Совершенно подавленный, офицер отвел глаза в сторону. Несколько солдат-конфедератов, лежавших вокруг, разразились ликующими криками. Янки, у которых еще оставались силы, осыпали их в ответ проклятиями. Солдаты восстановили порядок в комнате, но еще в течение некоторого времени в госпитале царило такое же лихорадочное возбуждение, как и на улицах.

Чья-то рука мягко легла на руку Китти, которая не двигалась с места, наблюдая за торжествующими конфедератами.

– Они не знают, что творят, глупцы, – обронил доктор Холт. – Президент Линкольн был их единственной надеждой… нашей единственной надеждой.

Китти обернулась к нему, с удивлением заметив сбегавшие по его щеке слезы.

– Не понимаю.

– Президент Линкольн стремился к миру, не хотел обрушивать кару на Юг. Вице-президент Эндрю Джонсон думает как раз наоборот. И теперь он стал нашим президентом, Китти. Да поможет Бог Югу. Правительство теперь перейдет под контроль радикалов.

Через несколько дней пришло сообщение, что генерал – Джонстон встретился с генералом Шерманом на вокзале Дарема, близ Роли. Сердце в груди Китти подскочило. Шерман в Роли! Так, может, и Тревис там? Если так, он обязательно вернется. Она соскучилась по нему, по его поцелуям, по его теплым и сильным рукам. Он вернется, непременно вернется!

– Китти? – Она так и подскочила с места, когда доктор Холт передал ей через стол тарелку бобов. – Этого, конечно, мало, но ты ничего не ела весь день, так же как и я. Они помогут нам продержаться и не умереть от голода до рассвета. Это все, что мне удалось раздобыть на кухне.

– Нет. – Она зажала рот кулаком. – Спасибо, но я не хочу. Эти черви…

– Черви? – рассмеялся он. – Китти, дитя мое, ты прошла через всю воину, видела в своей еде немало червей и личинок и, как я полагаю, должна уже научиться их отбирать. В чем же дело теперь?

Горестно покачав головой, она прошептала.

– Не знаю. В последнее время чувствую себя не совсем здоровой. Устала, устала от войны, от слухов и больше всего от того, что рядом со мной нет Тревиса, и остается только гадать, вернется ли он ко мне или нет. Впрочем, если Шерман в Роли, то Тревис, возможно, тоже там.

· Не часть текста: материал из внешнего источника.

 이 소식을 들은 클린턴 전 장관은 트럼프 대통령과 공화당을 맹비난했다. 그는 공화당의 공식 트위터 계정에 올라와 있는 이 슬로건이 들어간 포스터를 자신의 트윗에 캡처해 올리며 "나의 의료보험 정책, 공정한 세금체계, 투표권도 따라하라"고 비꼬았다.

– Никто не может сказать точно, где он, дитя мое. Ты ведь слышала, что крупные кавалерийские силы армии северян вторглись в Алабаму и захватили последний из наших военно-промышленных центров в Сельме? Кстати, сейчас они направляются к Монтгомери, где когда-то располагалась столица Конфедерации. Мобил уже капитулировал, а с ним и все побережье. И даже несмотря на то что еще осталась армия к западу от Миссисипи, ходят слухи, что она со дня на день сложит оружие. Нет, милое дитя, никто не знает, где сейчас твой кавалерист. Мне бы не хотелось тревожить тебя понапрасну, однако в последнее время произошло несколько отдельных стычек. Не исключено, что он не вернется к тебе.

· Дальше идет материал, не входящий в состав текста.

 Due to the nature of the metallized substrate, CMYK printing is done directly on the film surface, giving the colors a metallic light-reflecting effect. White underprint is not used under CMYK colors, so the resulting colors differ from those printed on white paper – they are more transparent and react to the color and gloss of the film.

Китти в ужасе уставилась на него. Она не допускала даже мысли об этом. Тревис не может погибнуть. Он такой сильный, такой ловкий!

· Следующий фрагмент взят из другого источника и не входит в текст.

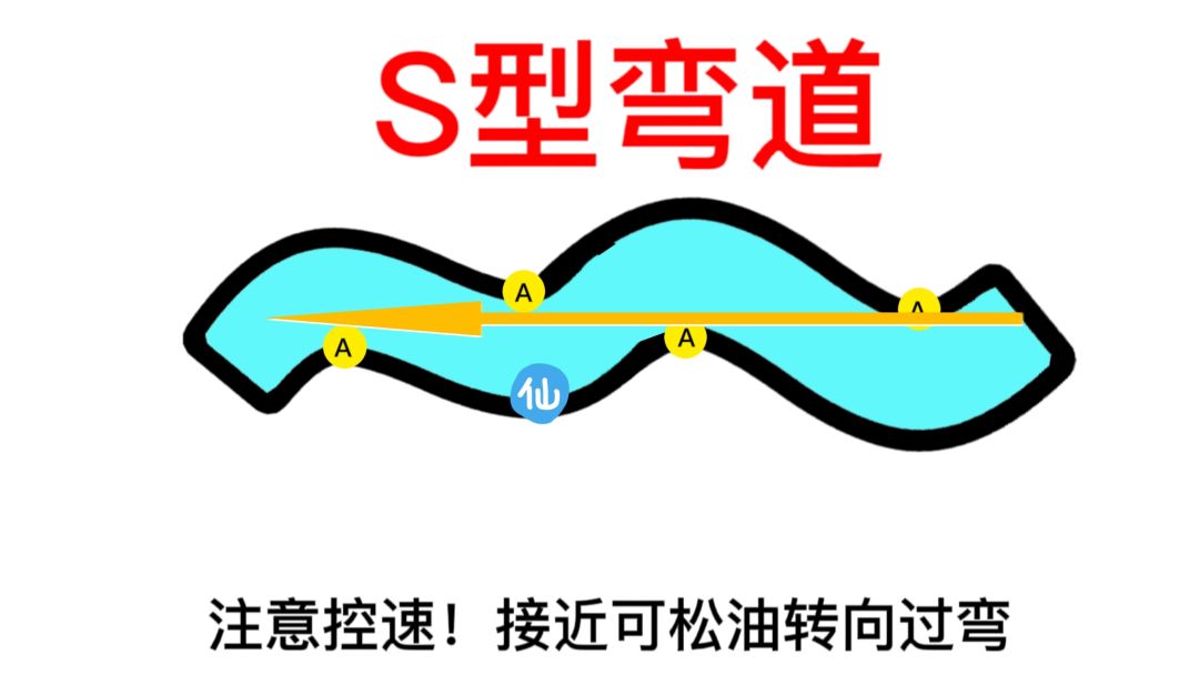注意事项:最需要精准操作的弯道了,完全不能有闪失,只有一次机会,一会定成败的弯道!

Покачав головой, она с трудом подавила слезы:

– Вернется. Я знаю.

– Ты не против, если я съем твои бобы? – небрежным тоном осведомился доктор.

– Нет, нет, ешьте, пожалуйста. – Она снова почувствовала тяжесть в желудке.

– Я слышал, что документ, подписанный Джонстоном, касается не только его армии, но и всей Конфедерации, – сказал доктор Холт, перед тем как отправить в рот очередной кусок. – У него не было на то полномочий, но зато они имелись у генерала Брекинриджа, а он является… то есть являлся военным министром в правительстве Конфедерации.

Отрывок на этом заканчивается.